▶ What is needed
Copy, pictures aside: the lines below from the one that holds "randonneurs, entre pic" through the final line of the listing, both ends included, exactly as they are and nothing else.

▶ Records shown
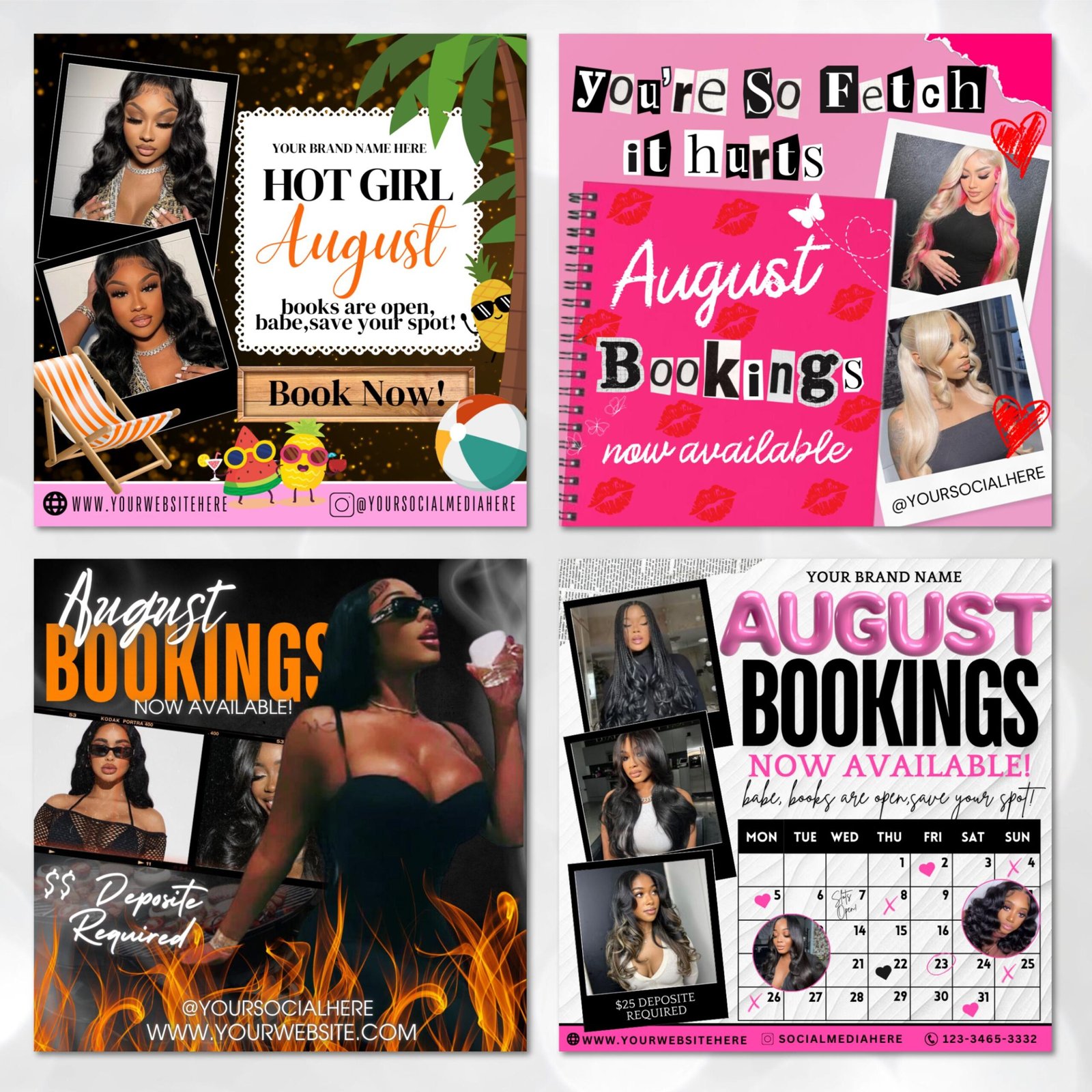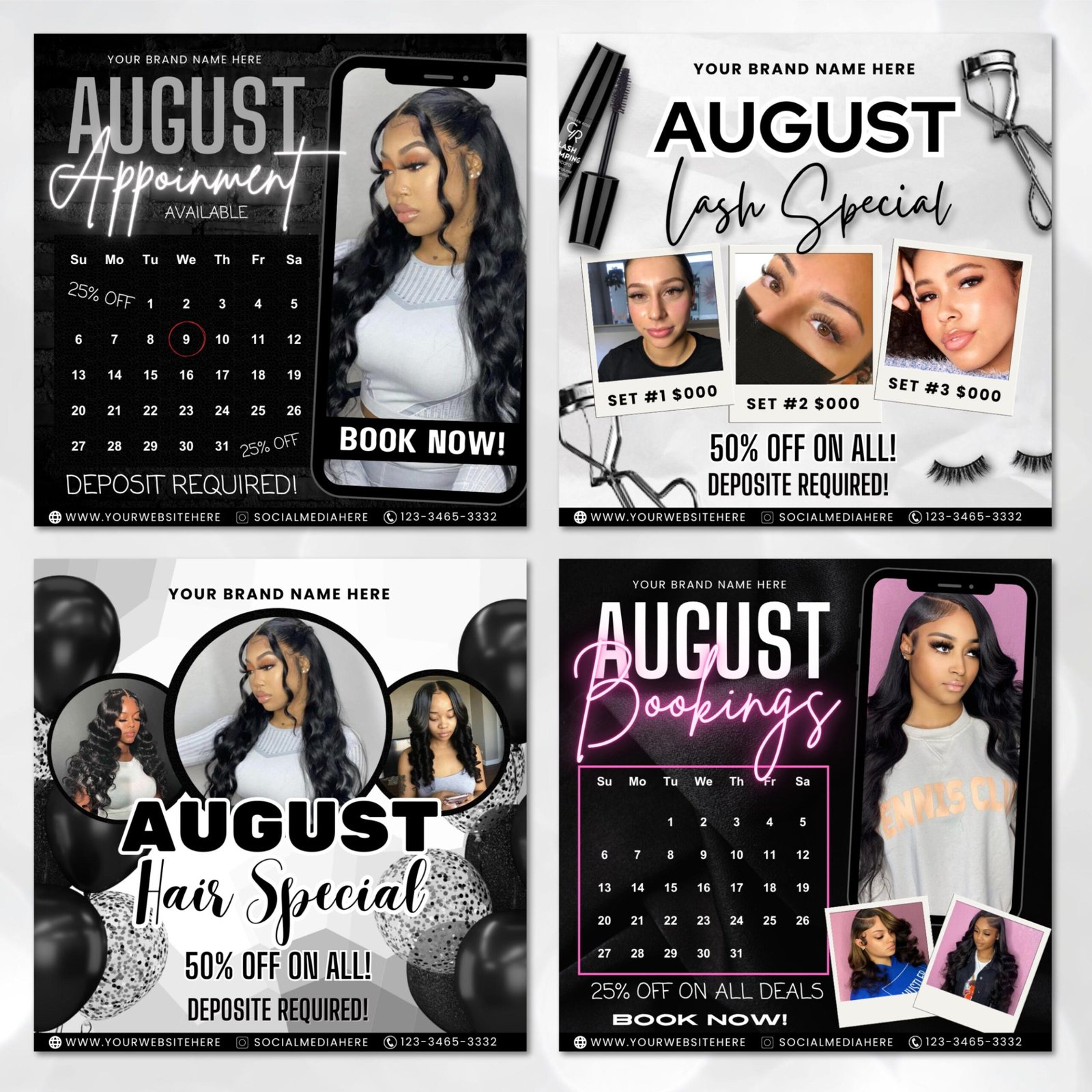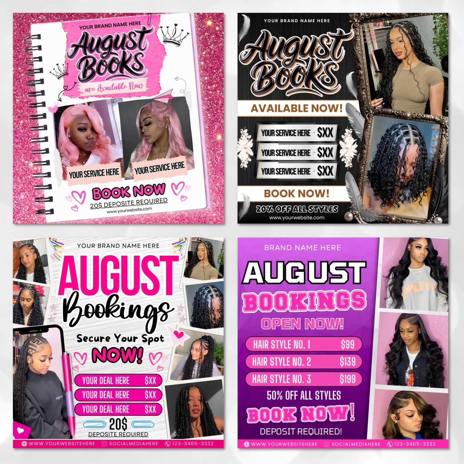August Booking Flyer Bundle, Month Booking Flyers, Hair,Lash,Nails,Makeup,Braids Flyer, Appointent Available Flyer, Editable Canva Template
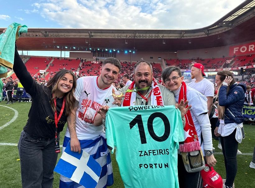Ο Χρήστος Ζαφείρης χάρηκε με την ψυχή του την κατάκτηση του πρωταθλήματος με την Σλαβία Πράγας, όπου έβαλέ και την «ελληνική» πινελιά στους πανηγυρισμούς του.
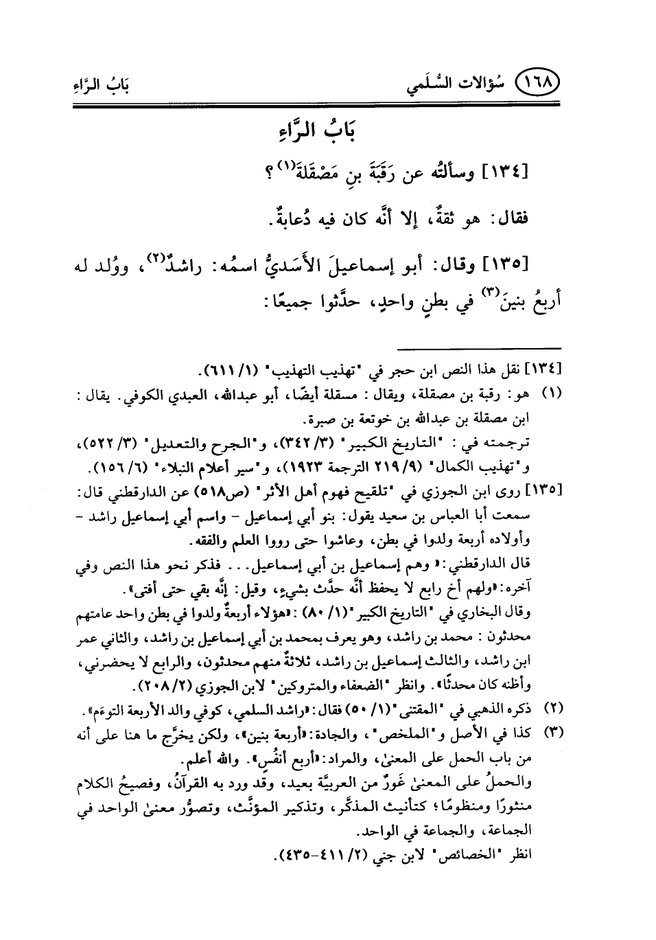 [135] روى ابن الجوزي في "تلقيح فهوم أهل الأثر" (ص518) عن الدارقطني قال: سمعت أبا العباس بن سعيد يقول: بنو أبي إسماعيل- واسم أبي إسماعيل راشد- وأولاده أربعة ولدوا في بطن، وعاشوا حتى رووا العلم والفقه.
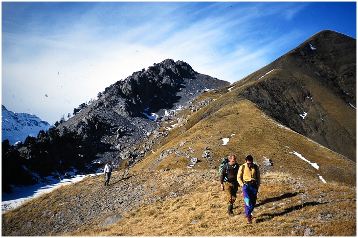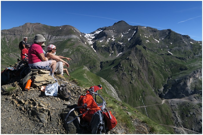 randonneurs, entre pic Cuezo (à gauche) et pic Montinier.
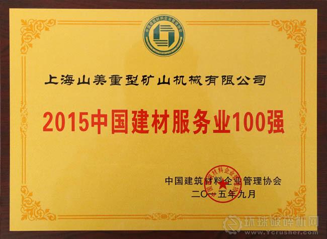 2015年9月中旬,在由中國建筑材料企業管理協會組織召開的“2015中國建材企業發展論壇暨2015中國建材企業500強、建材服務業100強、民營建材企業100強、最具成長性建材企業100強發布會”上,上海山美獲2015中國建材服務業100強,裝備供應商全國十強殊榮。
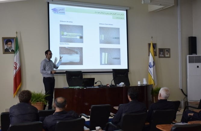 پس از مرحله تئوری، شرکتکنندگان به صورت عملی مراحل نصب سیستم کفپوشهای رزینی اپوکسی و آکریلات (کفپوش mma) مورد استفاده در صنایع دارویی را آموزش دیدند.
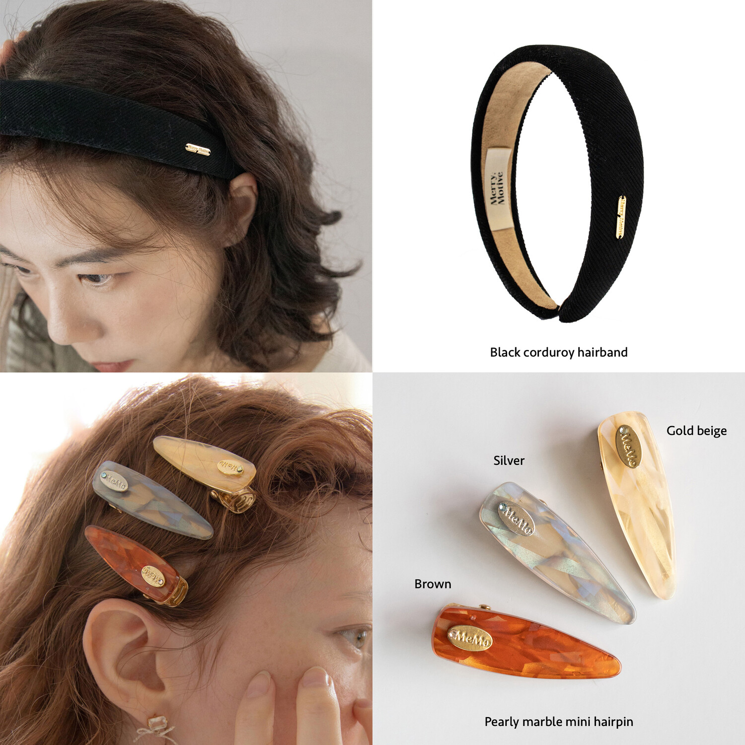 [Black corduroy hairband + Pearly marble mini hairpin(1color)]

▶ Task response
 randonneurs, entre pic Cuezo (à gauche) et pic Montinier.
 2015年9月中旬,在由中國建筑材料企業管理協會組織召開的“2015中國建材企業發展論壇暨2015中國建材企業500強、建材服務業100強、民營建材企業100強、最具成長性建材企業100強發布會”上,上海山美獲2015中國建材服務業100強,裝備供應商全國十強殊榮。
 پس از مرحله تئوری، شرکتکنندگان به صورت عملی مراحل نصب سیستم کفپوشهای رزینی اپوکسی و آکریلات (کفپوش mma) مورد استفاده در صنایع دارویی را آموزش دیدند.
 [Black corduroy hairband + Pearly marble mini hairpin(1color)]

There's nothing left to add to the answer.